Beber uma garrafa de vinho por semana equivale a fumar de cinco a 10 cigarros por semana quando se trata de aumentar o risco de câncer ao longo da vida, de acordo com um novo estudo que recebeu grande cobertura da mídia.

O estudo feito no Reino Unido foi tanto criticado como elogiado pelos especialistas consultados pelo Medscape.

Para as mulheres, o consumo de uma garrafa de vinho por semana aumentou o risco absoluto de câncer ao longo da vida na mesma proporção que fumar 10 cigarros por semana, em grande parte devido ao maior risco de câncer de mama.

Entre os homens, beber uma garrafa de vinho por semana aumentou o risco absoluto de câncer ao longo da vida equivalente ao consumo de cinco cigarros.

O trabalho foi publicado online em 28 de março no periódico BMC Public Health. Embora existam muitas publicações e pesquisas analisando tanto o cigarro como o álcool e seus respectivos riscos de câncer, este é o primeiro artigo a compará-los.

“Nós simplesmente realizamos um cálculo baseado em dados de grandes estudos epidemiológicos anteriores, conforme descrito em nossa metodologia”, disse a primeira autora, Dra. Theresa Hydes, Ph.D., médica e pesquisadora clínica de hepatologia do University Hospital Southampton, na Inglaterra. Ela explicou que a equivalência com cigarros foi usada principalmente para ajudar na conscientização do público sobre o risco entre o álcool e o câncer.

“O público associa o álcool à doença hepática, mas geralmente não tem consciência de que é a quinta principal causa de câncer e, é claro, que as taxas de consumo continuam aumentando em muitos países”, disse a Dra. Theresa ao Medscape.

Dois especialistas convidados a comentar o estudo pelo Medscape revelaram pontos de vista diferentes sobre o trabalho.

A Dra. Ruth Etzioni, Ph.D., bioestatística do Fred Hutchinson Cancer Research Center, em Seattle, Washington, não se convenceu de que comparar cigarros e álcool seja útil para o público.

O título do artigo contém a frase “Quantos cigarros há em uma garrafa de vinho?” De acordo com a Dra. Ruth, isso mostra que “obviamente foi escrito para chamar atenção”. E completou: “Eu recomendaria dar a menor atenção possível”.

“Os tumores causados pelo tabagismo, que são muito claros, não são os mesmos que os supostamente induzidos pelo álcool – que são muito menos claros”, explicou a Dra. Ruth.

“Fazer essa comparação não ajuda e certamente gera apreensão. Há muito mais incerteza sobre o risco de câncer causado pelo consumo de álcool do que pelo cigarro”.

O estudo é um desserviço aos leigos preocupados com a própria saúde, sugeriu a Dra. Ruth. “Esse é o tipo de publicação que faz com que as pessoas que tentam cuidar bem da própria saúde arranquem os cabelos”.
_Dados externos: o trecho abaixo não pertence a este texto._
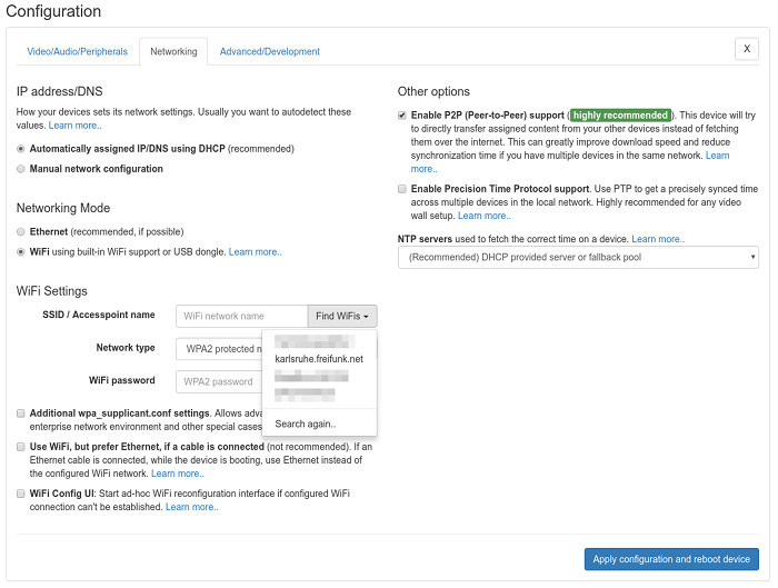 Next is the Networking tab. You can set IP settings and control how your devices connects to the internet. When configuring WiFi you can even scan for all available networks around your device. Finally you can easily enable the P2P, feature for faster downloads.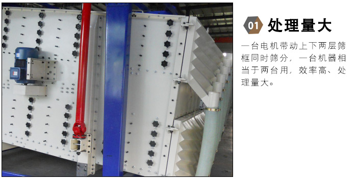 1、處理量大,效率高。多層分級(jí)設(shè)計(jì),一機(jī)分兩組,一臺(tái)抵多臺(tái)使用,產(chǎn)量翻倍;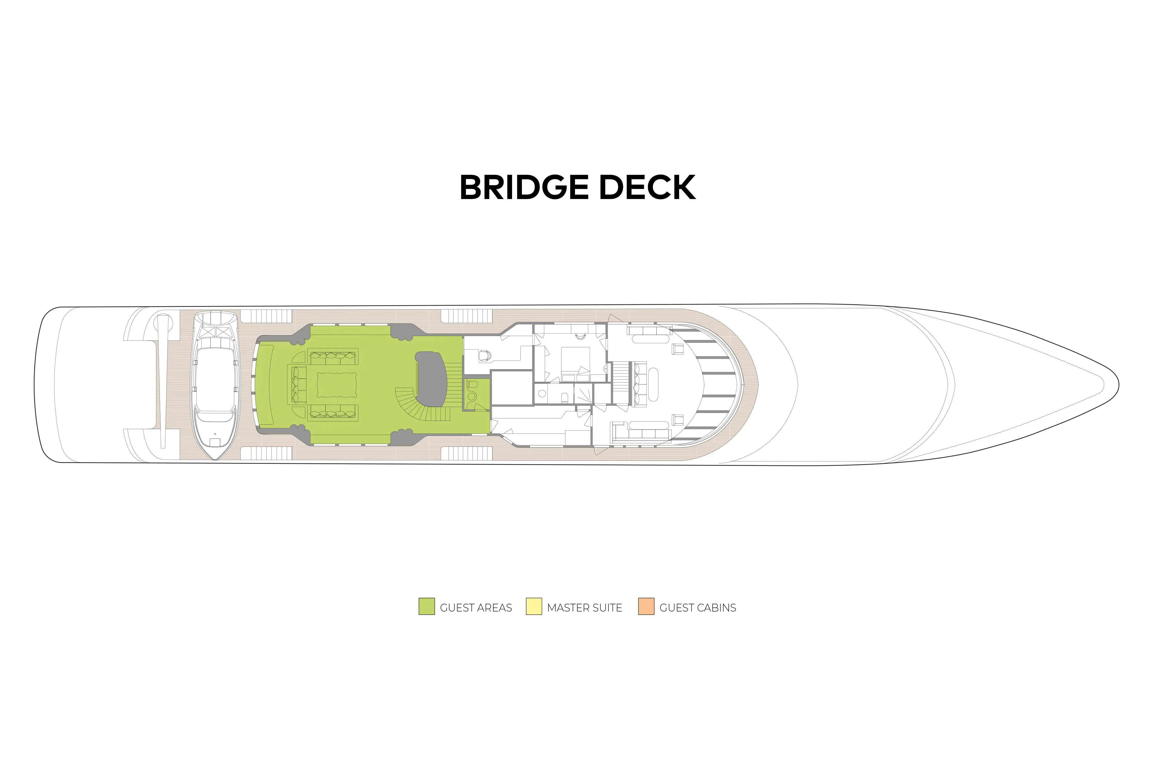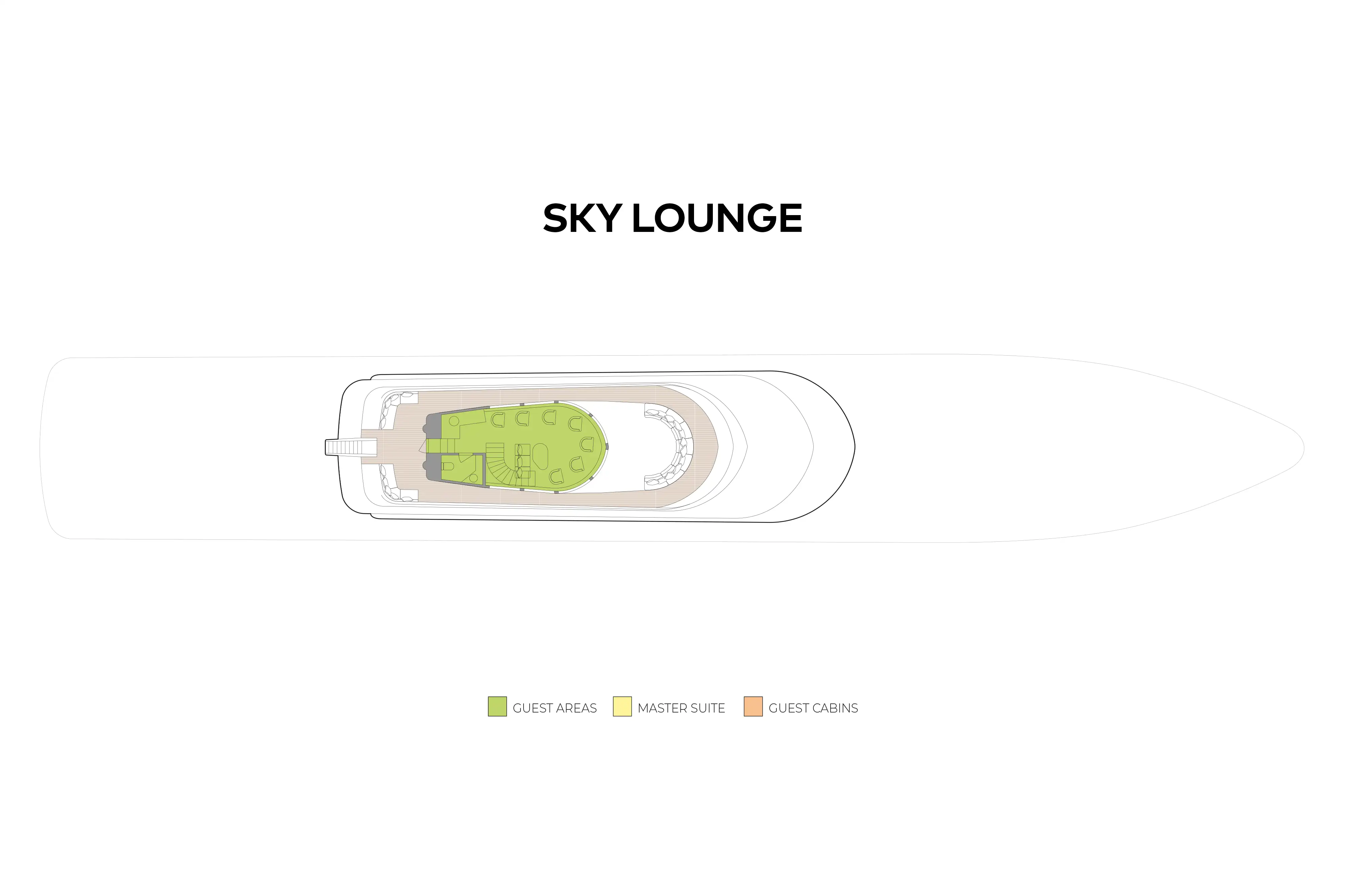 Guests can enjoy relaxing while underway in the sky lounge, or gathering for a meal in the main saloon where they will find a soothing neutral colour pallet balanced by large windows for an airy feel. An observation lounge is also located on the upper deck, where guests can congregate over cocktails and take in the views after a long day on the water. The exterior main deck offers two fixed fishing chairs, a range of seating, and a crows nest with outdoor helm station.

Outro especialista, no entanto, viu mérito no estudo.

“Profissionais de e, possivelmente, o público, têm questionado sobre os riscos do álcool em comparação com o tabagismo, e este artigo claro e excelente traz essa informação”, comentou o Dr. Mark Petticrew, Ph.D., professor de avaliação em saúde pública da Faculty of Public Health and Policy na London School of Hygiene and Tropical Medicine, na Inglaterra.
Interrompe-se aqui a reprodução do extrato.